Re: Let's be More Like NASA

05/19/2010 5:56 PM

If Transocean is responsible for this spill because of trying to cut corners on either the BOP itself or the skill level and maintenance routines of personnel, then this company should be out of the business.

Surely something like "criminal negligence" applies in these cases.

__________________
incus opella
Reply
Guru

Join Date: Sep 2006
Location: Western Pennsylvania, USA
Posts: 761
Good Answers: 9
#3

Re: Let's be More Like NASA

05/19/2010 10:10 PM

NASA, that track record is far worse than anything the Oil and Gas Industry has ever experienced.

Like comparing apples to lemons.

Reply Score 1 for Good Answer
Guru

Join Date: Nov 2009
Location: Izmir, Turkey
Posts: 2142
Good Answers: 31
#4
In reply to #3

Re: Let's be More Like NASA

05/20/2010 2:02 AM

You are joking İ hope!

Reply
Guru

Join Date: Sep 2006
Location: Western Pennsylvania, USA
Posts: 761
Good Answers: 9
#5
In reply to #4

Re: Let's be More Like NASA

05/20/2010 6:50 AM

No, I think NASA, of all the government agencies is the biggest waste of tax dollars of all. Always have, always will. Failed Fuel Tanks, Failed Insulation, Failed who knows what we are never told about. Total arrogance on the participants, listen to the retired "asstronauts" on the future of this bureaucratic nightmare, look at all the fraud pre ABSCAM even with companies rooted in NASA.

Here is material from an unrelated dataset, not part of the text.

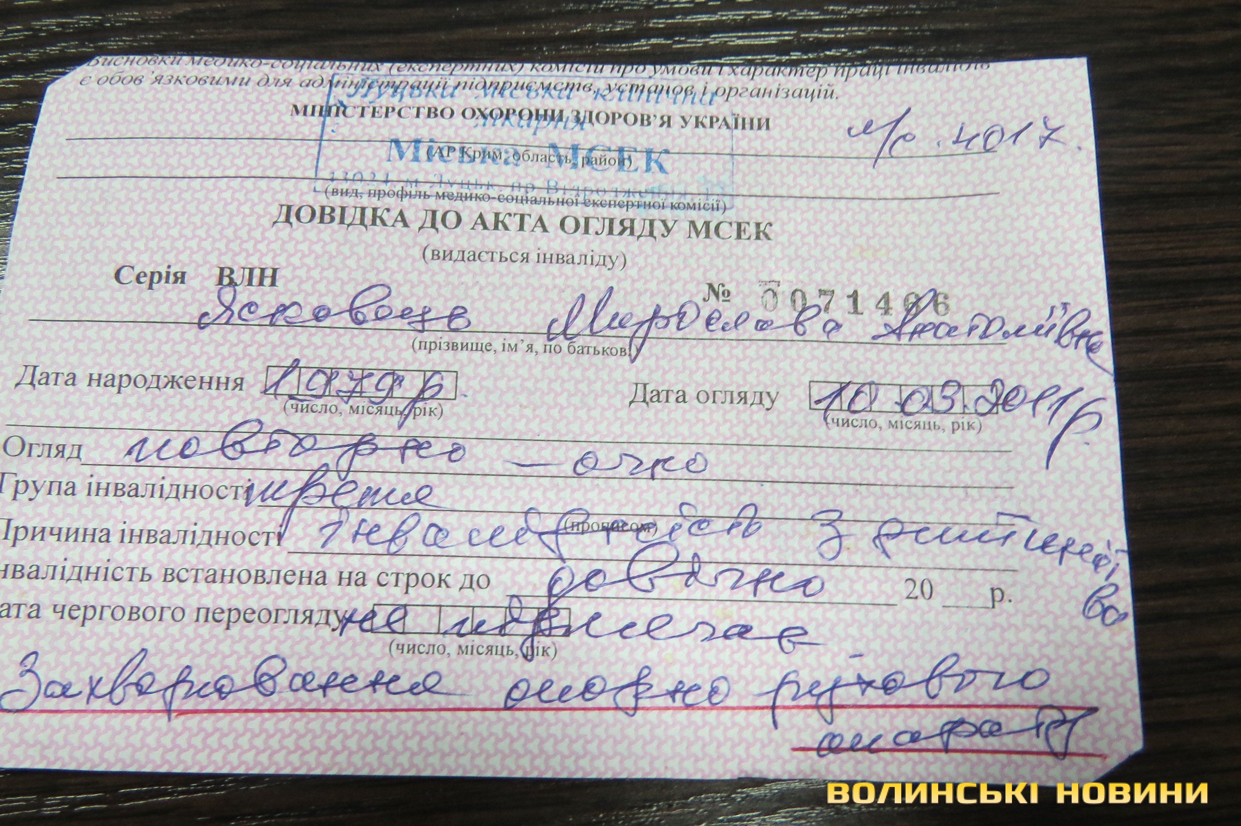 Зараз жінка безробітна. Колись вона працювала бухгалтером у магазині. Роботу довелося покинути, медики сказали, що їй не можна довго ходити, аби не навантажувати ноги.
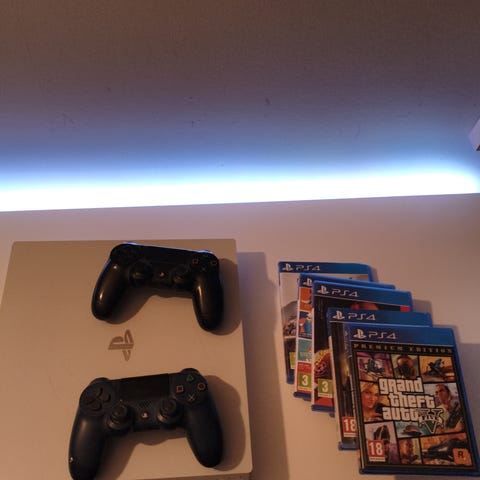 Playstation 4 Pro spelkonsol i svart färg. Inkluderar en trådlös handkontroll. Konsolen är avsedd för spel och multimediaanvändning.

I most definitely am not kidding.

Reply
Anonymous Poster
#6
In reply to #5

Re: Let's be More Like NASA

05/20/2010 7:02 AM

Absolutely! I completely agree with that!

Titi-the-rabbit

Reply Score 1 for Good Answer
Guru

Join Date: Sep 2006
Location: Western Pennsylvania, USA
Posts: 761
Good Answers: 9
#8
In reply to #6

Re: Let's be More Like NASA

05/20/2010 7:17 AM

Thank You.

I knew that I would be in the extreme minority on this, but as one of the original subscribers to NASA Briefs, I have seen NASA grow into a self serving mess.

Sub Contractors especially hiring low skill and pay workers in depressed states and cities like New Orleans constantly messing up and raping the treasury.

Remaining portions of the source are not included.